I was told there’s a new app for anxiety that Target is including in benefits this year. Anyone know what it’s called or anything about it?


----------



## Hardlinesmaster (Feb 2, 2020)

It’s called daylight.








						Upcoming Benefits Enrollment
					

FYI, timelines, if you're enrolling or re-enrolling for benefits: Feb. 3–11, 2020                                           Exempt team members Hourly team members at Headquarters, RGD offices and Region 100 & 200 Stores                    Feb. 13–21, 2020 Hourly team members at Region 300 & 400...




					www.thebreakroom.org


----------



## loser girl (Feb 2, 2020)

I haven't seen or received anything about reenrollment and ours starts tomorrow.  What is the average hours you need to qualify?  Our HR hides in her office or the SD's office all day.


----------



## JAShands (Feb 2, 2020)

For partial benefits you need to average 19.5+ hours/week, for full benefits you need to average 2.5+ hours/week. Regardless of how often you work all TMs qualify for 5 free visits for mental health, just reach out to TMLR and they’ll let you know who in your area is participating. There should be leaflets about this in your breakroom on the red board with safety posters and job openings.

You can see your average on top of any paystub. They update once a month.

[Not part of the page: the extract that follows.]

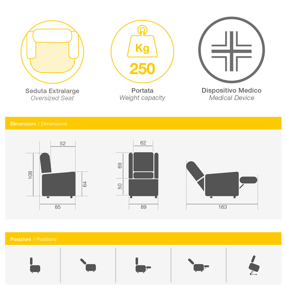 Grâce à la technologie Lift and Relax, il est possible d'accompagner les mouvements en position assise et en se levant. La télécommande vous permet de régler le dossier et le repose-pieds (mouvement indépendant l'un de l'autre) selon vos besoins de confort.
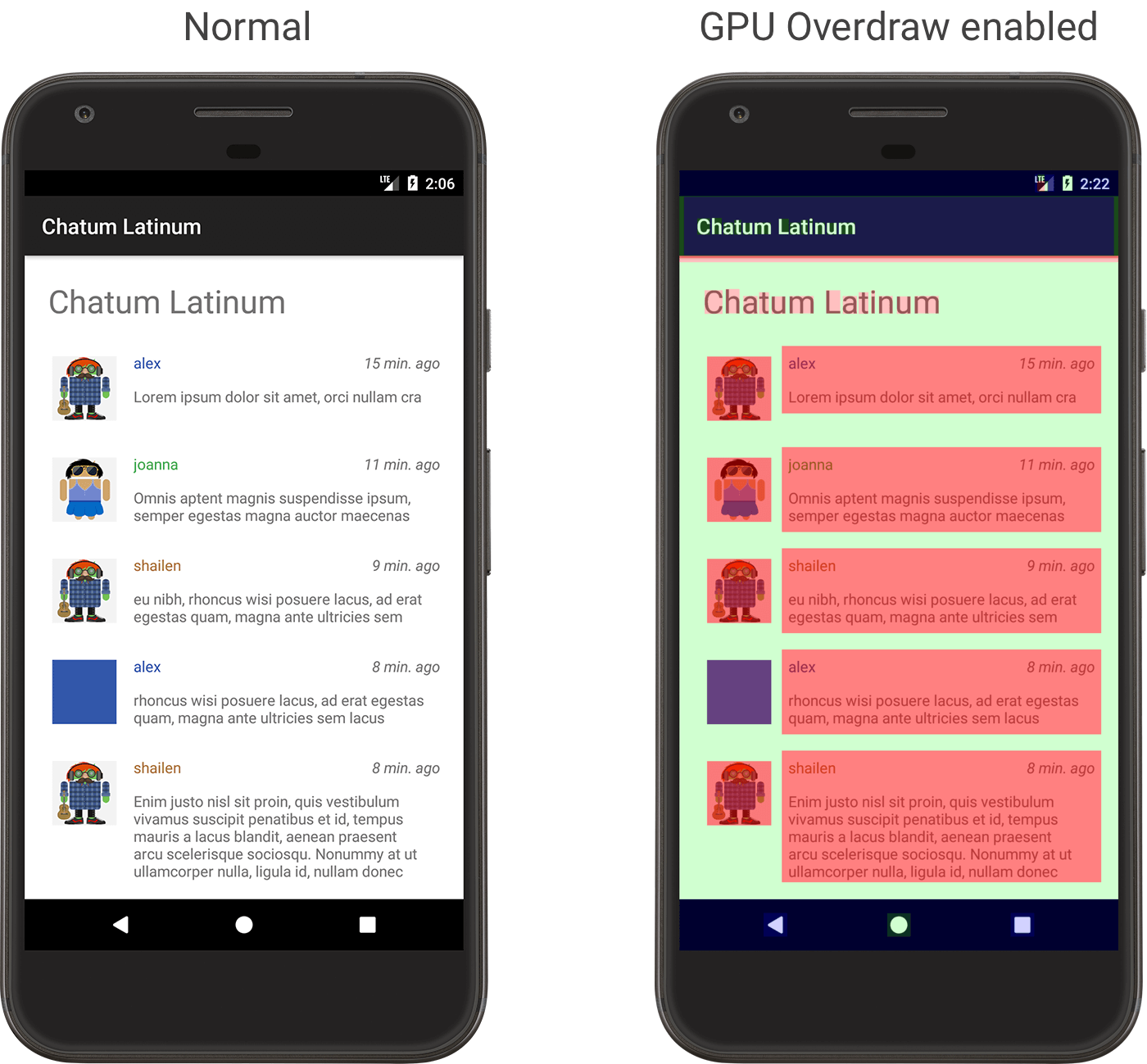 在Android 4.2,系统增加了检测绘制过度工具,具体的使用方法可以参考《检查GPU渲染速度和绘制过度》。

Basically you’ll know what you qualify for when you log on and your options are right in front of you.


----------



## redeye58 (Feb 2, 2020)

JAShands said:


> for full benefits you need to average 2.5+ hours/week.


Wait....wut?


----------



## Hardlinesmaster (Feb 3, 2020)

redeye58 said:


> Wait....wut?


29.5 hours for full benefits. @JAShands


----------



## can't touch this (Feb 3, 2020)

I believe we call that "money" in the biz


----------



## JAShands (Feb 3, 2020)

Hardlinesmaster said:


> 29.5 hours for full benefits. @JAShands


Sorry yes, I cracked my screen on my phone and apparently some things don’t like to type.. 🙄😅


----------